Vieta's theorem

Quick answer: you're not going to find the roots in any quicker way with this method. Remember that in general, for polynomials of degree 5 or more, you cannot find explicit formulas for the roots. You simply cannot. With this method or another.

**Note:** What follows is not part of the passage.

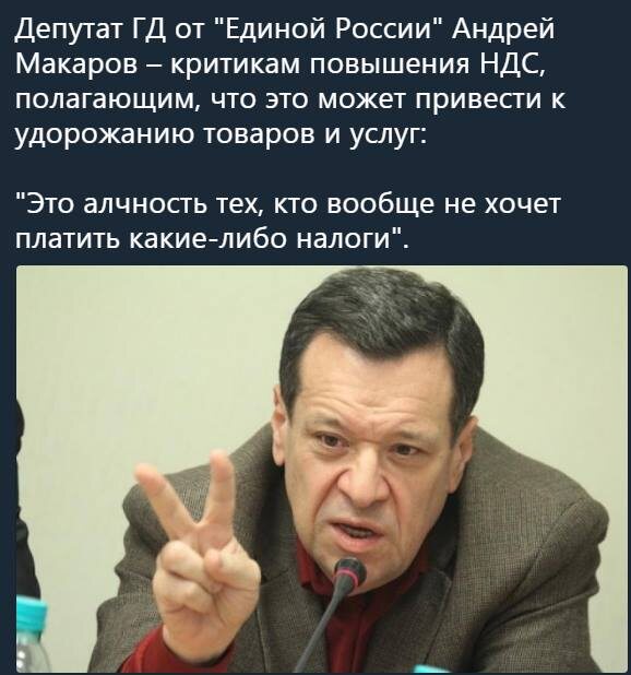 Это что же получается. В 2016 Макаров говорит что у нас денег как грязи, но подворовывают, а в 2018 НДС повышает? Как так? Кто же тогда украл эти деньги? Такая вот незамутненность в отдельно взятом депутате Госдумы.

Now, what is Vieta's theorem? It is in fact just expanding the product $$ a_n \prod_{i=1}^n (x - r_i) = a_nx^n + \cdots + a_1x+a_0$$


Numerically, however, for a monic polynomial $p(x)=x^n+c_{n-1} x^{n-1}+\cdots+c_1 x+c_0$, one can treat the Vieta equations relating the $n$ roots $x_k$ and the $n$ remaining coefficients $c_j$ as a system of simultaneous nonlinear equations, and then apply the multivariate version of Newton-Raphson on them.

To wit, note that the Jacobian of the system (I use the quartic case here to keep things simple)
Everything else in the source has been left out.